We see significant improvement in training throughput using this feature with the brand new DataCollatorWithFlattening. The figure below shows the throughput measured in tokens/second during training. In this instance, the throughput is the per-GPU average over 8 A100-80 GPU over one epoch of a 20K randomly chosen sample from two different instruct tuning datasets, FLAN and OrcaMath.

FLAN has short sequences on average but a big variance in sequence length, so example lengths in each batch may vary widely. Which means padded FLAN batches may incur a big overhead in unused padding tokens. Training on the FLAN dataset shows a big profit using the brand new DataCollatorWithFlattening when it comes to increased throughput. We see a 2x throughput increase on the models shown here: llama2-7B, mistral-7B, and granite-8B-code.

OrcaMath has longer examples and a lower variance in example length. As such, the advance from packing is lower. Our experiments show a 1.4x increase in throughput when training using this way of packing on the OrcaMath dataset across these three models.

Memory usage also improves through packing with the brand new DataCollatorWithFlattening.
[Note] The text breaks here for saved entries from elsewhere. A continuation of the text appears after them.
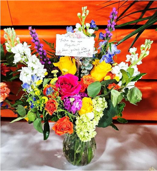
"Fallen but not forgotten" Yankton Fire Department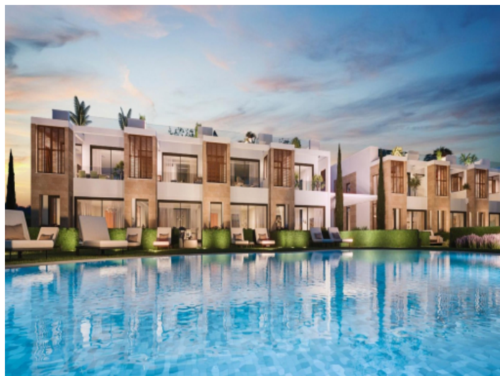
Large community pool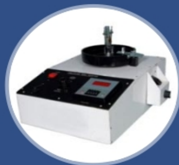
Seed Counter (Economy)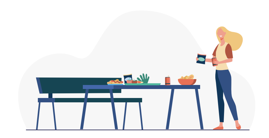
6. The students will receive the notification of the food message from the App and go to the specific position to take the food.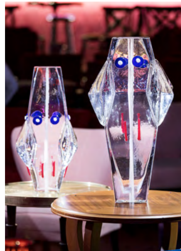
Monster Collection / Rombo by Alessandro Mendini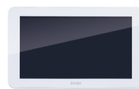
K42937 - Additional 7inTSmonitor DIN power supply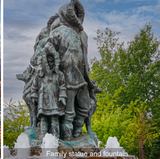
Family statue and fountain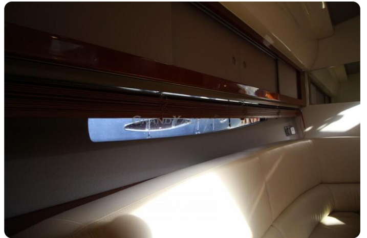
Fairline Targa 38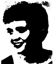
I came, I saw, I con- quered, Caesar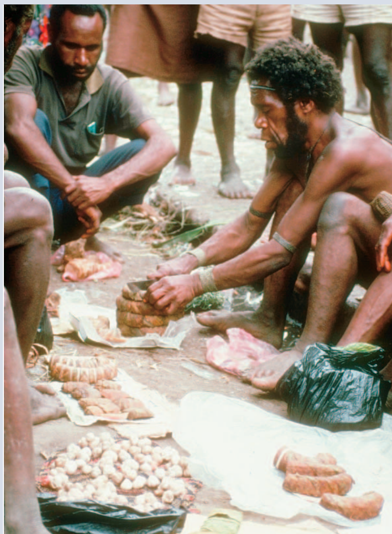
FIGURE 4 Tobacco merchant in New Guinea. Interestingly, exchange of goods in mountainous areas of the island of New Guinea has not led to loss of linguistic diversity.

of globalization, population growth, and land use/land cover change in biocultural diversity.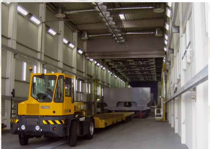
High-pressure cleaning room and combined painting and drying cabin with sectional ventilation system for large components.

For the coating of blasted products and components SLF provides the necessary painting technique, like e. g. painting cabins, paint dryers, combined painting and drying cabins, powder coating systems or simple paint booths.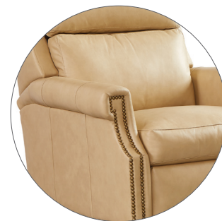
L=Lawson #-1FN Standard Base And Arm Panel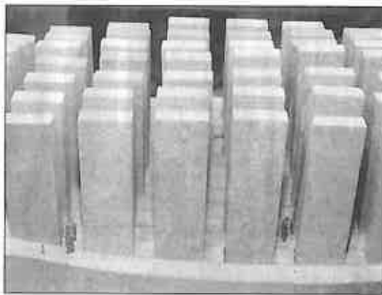
Figure 13: Richard Serra and Peter Eisenman, First Draft for the Monument to the Murdered Jews of Europe Die Zeit , 21 November 1997, p. 64

Peter Eisenman and Richard Serra's proposal for the Monument to the Murdered Jews of Europe (Figure 13) represents this sense-bearing absence of sense. 6 Its power of persuasion comes at a price: its meaning is meta-historical and it does not refer to any temporal sequence of events.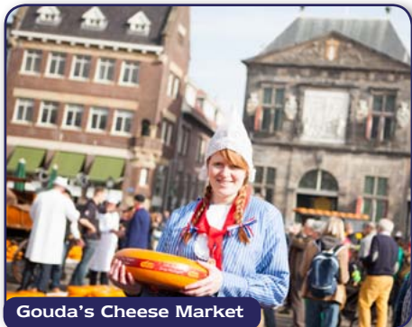
Gouda's Cheese Market

We journey to Keukenhof , "the most beautiful spring garden in the world", open just a few weeks each year, where awesome swaths of tulips, crocuses and daffodils burst out of the rolling countryside. Huge rivers of colour beneath great avenues of trees: some of the world's greatest collection of bulbs including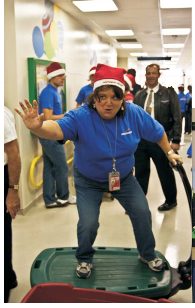
"Surf's up!" Southwest flight attendant shows off her technique on a visit in DFW.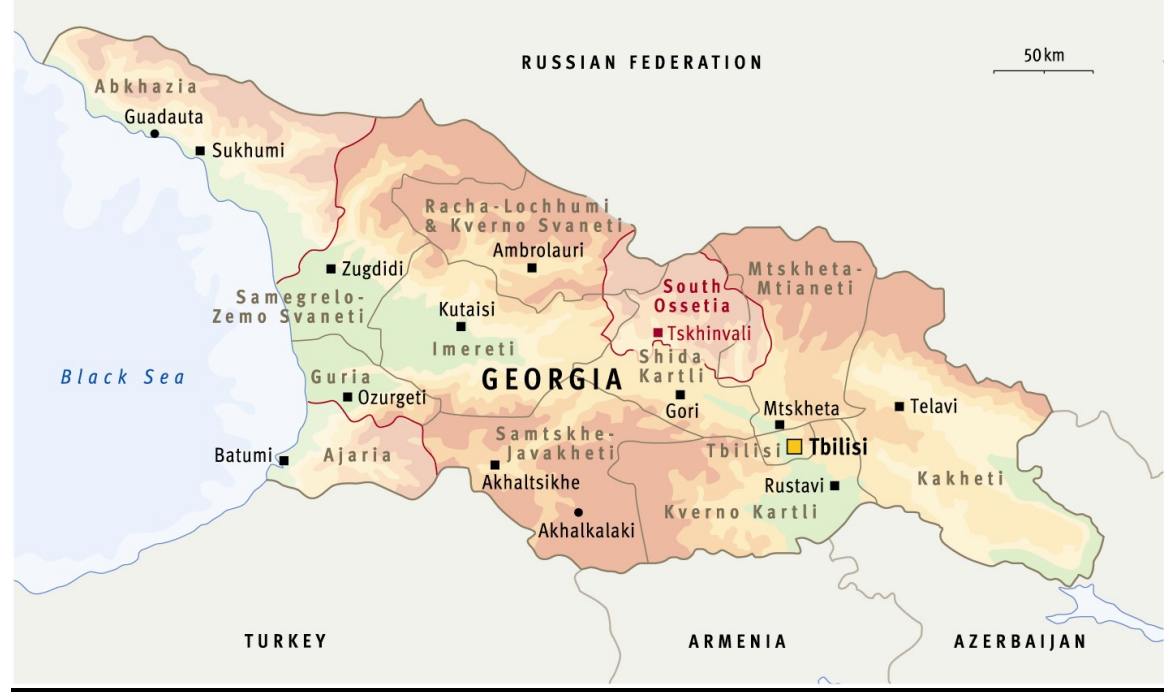
Source: Fischer Weltalmanach, Fischer Taschenbuch Verlag, Frankfurt am Main, 2009

The next figure shows the height memory usage of the identical three models training on the identical two datasets. Peak memory is reduced by 20% on the FLAN dataset, which advantages considerably from packing.

Peak memory reduction is 6% on the OrcaMath dataset with its more homogeneous example lengths.

Packing examples, when it reduces the variety of optimization steps, may harm training convergence. The brand new feature, nevertheless, retains the minibatches and, hence, the identical variety of optimization steps as could be used with padded examples. Thus, there isn’t a impact on train convergence, as we see in the subsequent figure, which shows similar validation lack of the identical three models training on the identical two datasets, whether the models are trained with packing using the brand new DataCollatorWithFlattening or with padding.

How it really works

Consider a batch of knowledge with a batchsize = 4 where the 4 sequences are as follows:

After concatenating the examples, the padding-free collator returns the input_ids, labels, and position_ids of every example. Hence, the collator provides, for this batch of knowledge,

The modifications required are lightweight and are limited to providing the position_ids to Flash Attention 2.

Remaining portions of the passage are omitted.